Of course not. I cannot deem what price would be appropriate for the brutal asphyxiation, “mechanical asphyxia.”

There is no price on life.

Image by Bikurgurl

The awesome infographic on the back of our sign is by Tony Ruth of @lunchbreak on Twitter:

 

*Credit: created by @lunchbreath based on Shel Silverstein’s The Giving Tree for John Maeda‘s 2019 Design In Tech Report – found here

We printed these graphics onto 8.5×11 inch paper and put them in page protectors, affixing them to the back of our Black Lives Matter sign we took protesting.

Image by Bikurgurl

My chest still gets tight when I dive deep into these issues. I am so ashamed. I am so privileged. I want to change. I want the world to be an equitable place for everyone. If it isn’t an equitable place for everyone, it’s not an equitable place for anyone.

Why are we still not equitable in 2020? Check out my Twitter feed for my myriad of original sources I support and am educating myself on.

I’ve been told for so many years my anger towards bias is unjustified. I’ve been told I’m wrong to want to buck the system, to question authority, to reside on the outside of the ‘known norm’. My own childhood, whiteness in a ‘white’ town once we relocated from Detroit…and even then, we lived in the suburbs….it’s my history.

So what’s wrong with me?

Nothing. Challenging the system, systemic racism, bigotry, environmental issues, animal rights issues….men….this is the movement I’ve wanted to be a part of for a very long time.

Even writing this post, my chest is tight. I know standing up, standing for, equity will result in broken relationships. This isn’t my first rodeo – or foray – into questioning authority and going against the grain.

The difference now, I see, is that there has always been people in this fight – I was just too blind to see the opportunities around me. I was too busy to “do” anything. I’m not even close to being the most negatively affected by The System.

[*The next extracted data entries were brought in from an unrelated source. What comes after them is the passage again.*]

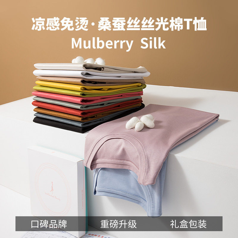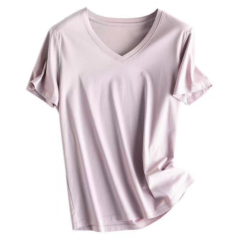 桑蚕丝丝光棉短袖T恤女宽松套头夏纯色圆V领百搭外穿打底衫上衣
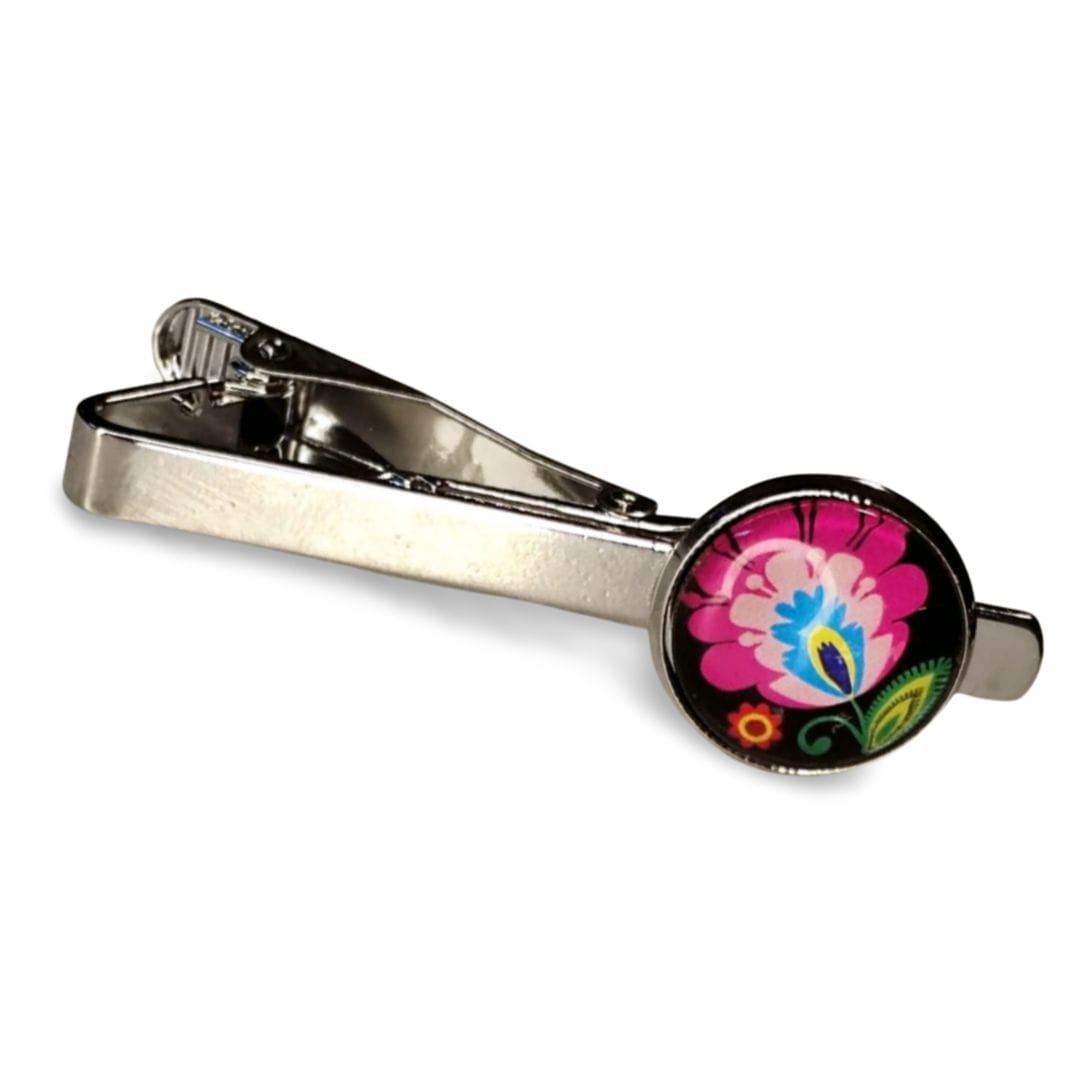 Ręcznie wykonane spinka do krawata z wzorem inspirowanym wycinanką łowicką.
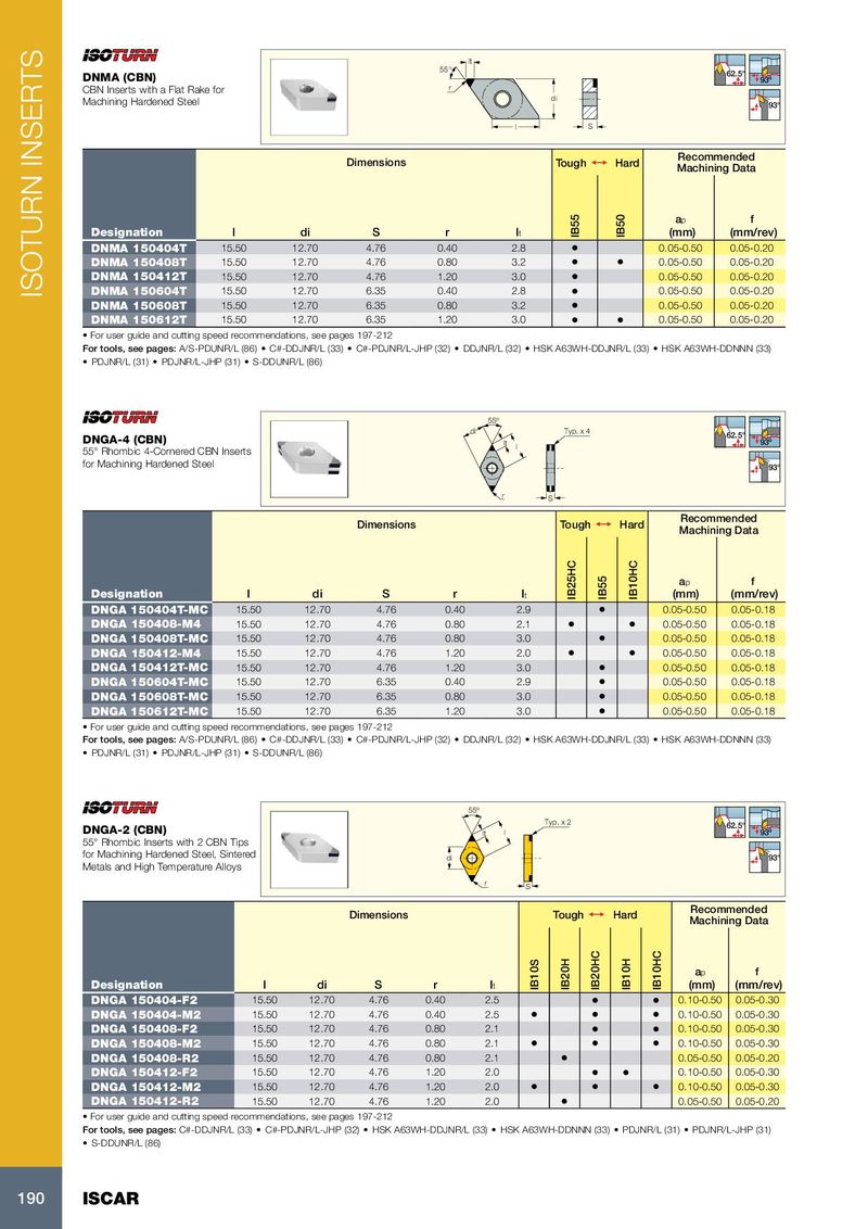 lt 55° 62.5° DNMA (CBN) 93º CBN Inserts with a Flat Rake for r di Machining Hardened Steel 93° l S Recommended Dimensions Tough 1 Hard Machining Data a p f Designation l di S r l t IB55 IB50 (mm) (mm/rev) DNMA 150404T 15.50 12.70 4.76 0.40 2.8 • 0.05-0.50 0.05-0.20 DNMA 150408T 15.50 12.70 4.76 0.80 3.2 • • 0.05-0.50 0.05-0.20 DNMA 150412T 15.50 12.70 4.76 1.20 3.0 • 0.05-0.50 0.05-0.20 ISOTURN INSERTS DNMA 150604T 15.50 12.70 6.35 0.40 2.8 • 0.05-0.50 0.05-0.20 DNMA 150608T 15.50 12.70 6.35 0.80 3.2 • 0.05-0.50 0.05-0.20 DNMA 150612T 15.50 12.70 6.35 1.20 3.0 • • 0.05-0.50 0.05-0.20 • For user guide and cutting speed recommendations, see pages 197-212 For tools, see pages: A/S-PDUNR/L (86) • C#-DDJNR/L (33) • C#-PDJNR/L-JHP (32) • DDJNR/L (32) • HSK A63WH-DDJNR/L (33) • HSK A63WH-DDNNN (33) • PDJNR/L (31) • PDJNR/L-JHP (31) • S-DDUNR/L (86) 55º di Typ. x 4 62.5° DNGA-4 (CBN) lt l 93º 55° Rhombic 4-Cornered CBN Inserts for Machining Hardened Steel 93° r S Recommended Dimensions Tough 1 Hard Machining Data a p f Designation l di S r l t IB25HC IB55 IB10HC (mm) (mm/rev) DNGA 150404T-MC 15.50 12.70 4.76 0.40 2.9 • 0.05-0.50 0.05-0.18 DNGA 150408-M4 15.50 12.70 4.76 0.80 2.1 • • 0.05-0.50 0.05-0.18 DNGA 150408T-MC 15.50 12.70 4.76 0.80 3.0 • 0.05-0.50 0.05-0.18 DNGA 150412-M4 15.50 12.70 4.76 1.20 2.0 • • 0.05-0.50 0.05-0.18 DNGA 150412T-MC 15.50 12.70 4.76 1.20 3.0 • 0.05-0.50 0.05-0.18 DNGA 150604T-MC 15.50 12.70 6.35 0.40 2.9 • 0.05-0.50 0.05-0.18 DNGA 150608T-MC 15.50 12.70 6.35 0.80 3.0 • 0.05-0.50 0.05-0.18 DNGA 150612T-MC 15.50 12.70 6.35 1.20 3.0 • 0.05-0.50 0.05-0.18 • For user guide and cutting speed recommendations, see pages 197-212 For tools, see pages: A/S-PDUNR/L (86) • C#-DDJNR/L (33) • C#-PDJNR/L-JHP (32) • DDJNR/L (32) • HSK A63WH-DDJNR/L (33) • HSK A63WH-DDNNN (33) • PDJNR/L (31) • PDJNR/L-JHP (31) • S-DDUNR/L (86) 55º Typ. x 2 62.5° DNGA-2 (CBN) lt l 93º 55° Rhombic Inserts with 2 CBN Tips for Machining Hardened Steel, Sintered di 93° Metals and High Temperature Alloys r S Recommended Dimensions Tough 1 Hard Machining Data a p f Designation l di S r l t IB10S IB20H IB20HC IB10H IB10HC (mm) (mm/rev) DNGA 150404-F2 15.50 12.70 4.76 0.40 2.5 • • 0.10-0.50 0.05-0.30 DNGA 150404-M2 15.50 12.70 4.76 0.40 2.5 • • • 0.10-0.50 0.05-0.30 DNGA 150408-F2 15.50 12.70 4.76 0.80 2.1 • • 0.10-0.50 0.05-0.30 DNGA 150408-M2 15.50 12.70 4.76 0.80 2.1 • • • 0.10-0.50 0.05-0.30 DNGA 150408-R2 15.50 12.70 4.76 0.80 2.1 • 0.05-0.50 0.05-0.20 DNGA 150412-F2 15.50 12.70 4.76 1.20 2.0 • • 0.10-0.50 0.05-0.30 DNGA 150412-M2 15.50 12.70 4.76 1.20 2.0 • • • 0.10-0.50 0.05-0.30 DNGA 150412-R2 15.50 12.70 4.76 1.20 2.0 • 0.05-0.50 0.05-0.20 • For user guide and cutting speed recommendations, see pages 197-212 For tools, see pages: C#-DDJNR/L (33) • C#-PDJNR/L-JHP (32) • HSK A63WH-DDJNR/L (33) • HSK A63WH-DDNNN (33) • PDJNR/L (31) • PDJNR/L-JHP (31) • S-DDUNR/L (86) 190 ISCAR

I don’t know what the future holds, but being silently angry and feeling like I can’t do anything but bitch about it – those days are over. Educating myself, my family, on how we can be the change…it’s a process.

It starts with small actions, like peacefully protesting, and making our collective voices heard.

This is our moment. This is the time. Wake up white people – be part of the change you wish to see in the world.

@Bikurgurl_watermark

I took these images when we attended our first protests in the Seattle area this year after the horrific murder of George Floyd {Rest In Power, George Perry Floyd Jr. (October 14, 1973 – May 25, 2020) } , June 2020

I am actively finishing my unfinished drafts as I continue to educate myself and understand how to better translate my thoughts, ideas, and expressions.